"I cannot vouch for another man's memory, sire. Besides, I do not care to put the Kaid to the test."
The Emperor looked at me queerly, but, evidently satisfied with my answer, he turned to Count Wedel, saying:
"He will do. Have the dispatches ready."
At once the Count hurried noiselessly into an adjoining room. The Kaiser, making one of his characteristic sudden movements, flung himself back into the chair, looked steadily at me, and added:
"Besides the official dispatches you will memorize these commands, for the Captain of the warship Panther." He handed me a note, which I did not immediately look at, for he continued: "Outside of Count Wedel, no one is to know anything of your mission. No one is to know that you are carrying a verbal message from me to the Captain of the warship Panther. Understand?"
"Yes, sir."
The Emperor as abruptly drew himself forward, and propping his head with his hands, fell into a deep study, gazing fixedly at nothing. He seemed in that moment to be considerably older. His face, even for the tan, had that grayish look of a man who is carrying some tremendous responsibility.
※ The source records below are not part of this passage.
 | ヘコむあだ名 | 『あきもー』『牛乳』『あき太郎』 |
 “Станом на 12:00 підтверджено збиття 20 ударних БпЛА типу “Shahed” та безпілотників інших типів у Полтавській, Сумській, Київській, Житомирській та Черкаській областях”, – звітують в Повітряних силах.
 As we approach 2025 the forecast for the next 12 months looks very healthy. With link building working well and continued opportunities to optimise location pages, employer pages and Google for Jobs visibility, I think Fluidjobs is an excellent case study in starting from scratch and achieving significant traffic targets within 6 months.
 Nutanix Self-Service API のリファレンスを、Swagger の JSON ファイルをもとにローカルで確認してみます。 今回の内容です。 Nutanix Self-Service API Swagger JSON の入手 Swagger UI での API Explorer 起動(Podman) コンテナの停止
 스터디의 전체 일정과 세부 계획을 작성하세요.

It came to me swiftly, the popular clamor for war, Panther!--the Panther was lying off Spain ready to steam across the Mediterranean to Morocco. And I was to bear secret orders from the Emperor to the Panther's captain.
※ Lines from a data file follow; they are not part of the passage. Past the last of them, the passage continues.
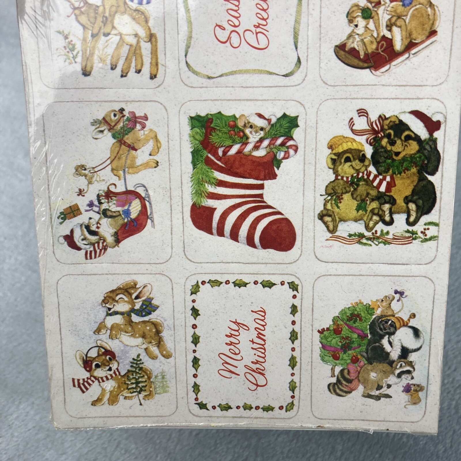 SEALED Vtg 1980s Cute Christmas Critters Holiday Sticker 4 Sheets Pack
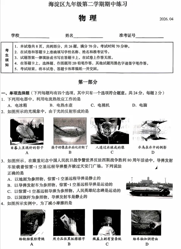 小编整理了2026年北京市海淀区初三一模物理,PDF版!可以参考练习。
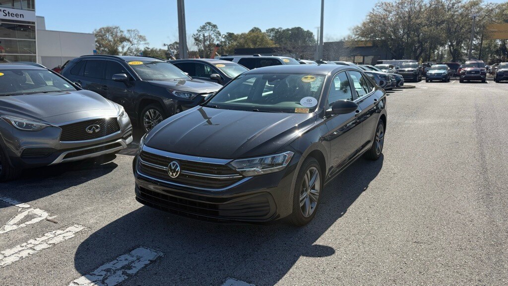 2022 Volkswagen Jetta 1.5T SE CERTIFIED PRE-OWNED, CLEAN CARFAX, NO ACCIDENTS, ONE OWNER, STILL UNDER FACTORY WARRANTY, Jetta 1.5T SE, Volkswagen Certified Pre-Owned Certified, 4D Sedan, Black, Titan Black w/V-Tex Leatherette Seat Trim, Auto-dimming Rear-View mirror, Automatic temperature control, Delay-off headlights, Exterior Parking Camera Rear, Fully automatic headlights, Heated front seats, Power driver seat, Power steering, Power windows, Rain sensing wipers, Rear window defroster, Remote keyless entry, Split folding rear seat, V-Tex Leatherette Seat Trim, Variably intermittent wipers, 4 Speakers, 4-Wheel Disc Brakes, ABS brakes, Active Blind Spot Monitor, Air Conditioning, Alloy wheels, AM/FM radio, Brake assist, Bumpers: body-color, Driver door bin, Driver vanity mirror, Dual front impact airbags, Dual front side impact airbags, Electronic Stability Control, Emergency communication system: Car-Net, Front anti-roll bar, Front Bucket Seats, Front Center Armrest, Front dual zone A/C, Front wheel independent suspension, Heated door mirrors, Heated Front Comfort Sport Seats, Illuminated entry, Leather Shift Knob, Low tire pressure warning, Occupant sensing airbag, Outside temperature display, Overhead airbag, Overhead console, Panic alarm, Passenger door bin, Passenger vanity mirror, Power door mirrors, Radio data system, Radio: MIB3 Composition Color w/6.5" Touchscreen, Rear anti-roll bar, Rear reading lights, Rear seat center armrest, Speed control, Speed-sensing steering, Steering wheel mounted audio controls, Tachometer, Telescoping steering wheel, Tilt steering wheel, Traction control, Trip computer, Wheels: 17" Twin 5-Spoke Silver Painted Alloy, SPECIAL FINANCING AVAILABLE, NON SMOKER, LOCAL TRADE, Jetta 1.5T SE, 4D Sedan, Black, Titan Black w/V-Tex Leatherette Seat Trim, Auto-dimming Rear-View mirror, Automatic temperature control, Delay-off headlights, Exterior Parking Camera Rear, Fully automatic headlights, Heated front seats, Power driver seat, Power steering, Power windows, Rain sensing wipers, Rear window defroster, Remote keyless entry, Split folding rear seat, V-Tex Leatherette Seat Trim, Variably intermittent wipers.
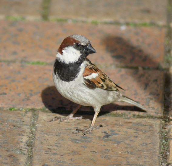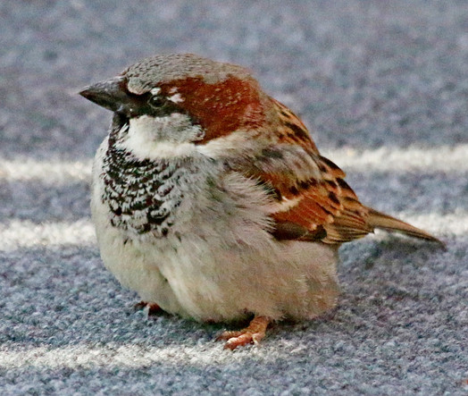 That's a beautiful male house sparrow. I see them all over the ground, where ever I go. TAKE MORE PICS!
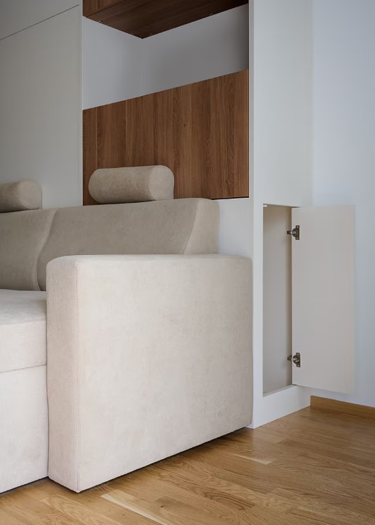 Velká pohodlná sedačka s lenoškou je dominantou prostoru. Ta skrývá velký úložný prostor. Veškeré vybavení garsonky (i část bytu) se uhradilo ze stavebního spoření, které rodiče synovi platili. Prostor v nábytku za lenoškou je přístupný z boku, aby se vyžily všechny možnosti pro skryté ukládání věcí.
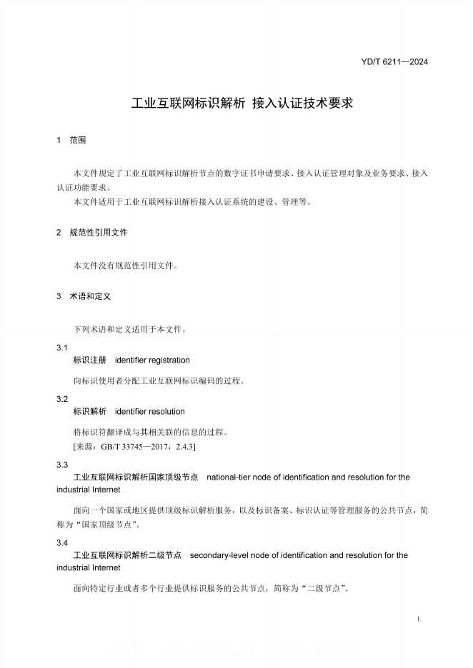 YD/T 6211-2024 工业互联网标识解析 接入认证技术要求
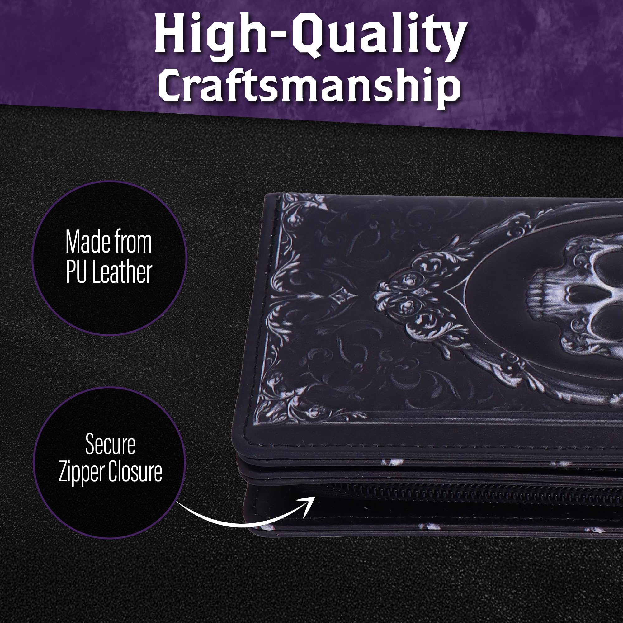 - DESIGN FEATURES: Baroque-style skull embossed pattern adds a unique gothic aesthetic to this fashionable coin purse.
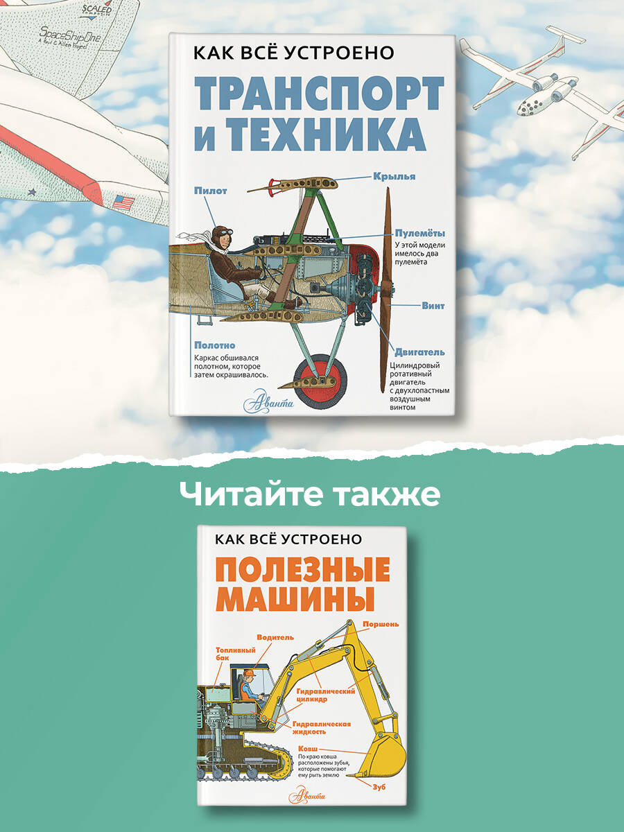 Задумывались ли вы когда-нибудь, как экипаж танка помещается внутри? Почему летают космические корабли? Как выглядит изнутри реактивный двигатель? Книга «Транспорт и техника» поможет вам найти ответы на эти и многие другие вопросы! Вы узнаете удивительные факты о самом разном транспорте: поездах, танках, самолётах, подводных лодках, автомобилях и даже космических кораблях. А главное - сможете увидеть каждую машину в разрезе и узнать, как она устроена и почему работает. Подробные иллюстрации продемонстрируют множество деталей, которые захочется разглядывать снова и снова!| Издательство | АСТ |

Then I opened the note that the Emperor had given me, and began to memorize its contents. Amazement must have shown on my face. A blow with a feather would have knocked me down. So wonder Wilhelm II was staring blankly, no wonder this message had to be delivered verbally. Hurriedly I began to memorize it. Presently, I saw Count Wedel come in and he and the Kaiser began to talk in whispers. Then Wilhelm looked up and said:
"Have you memorized it?"
"Yes, sir!" Taking the note from me, he at once struck a match and held it under the paper until it was reduced to ashes. Then making a curt gesture of dismissal, Wedel gave me a signal to retire and we backed toward the door. I was in possession of a secret known only to the Emperor himself and which at that moment the cabinets of France and England and the financiers of the world would have given hundreds of thousands of dollars to possess. Out into the hall we backed, always being careful never to commit the discourtesy of turning our faces away from the Emperor, and the last I saw of him, was that lonely figure seated at his desk, the greenish light playing over him, around and beyond him darkness and his face illuminated against that background, grayish, old. There he was, at his desk at midnight, in an underground chamber of the Foreign Office, the Emperor of Germany, working in solitude, while most of his subjects slept, tirelessly mapping out a policy the trend of which he dared discuss with no man save Wedel and possibly his oldest son.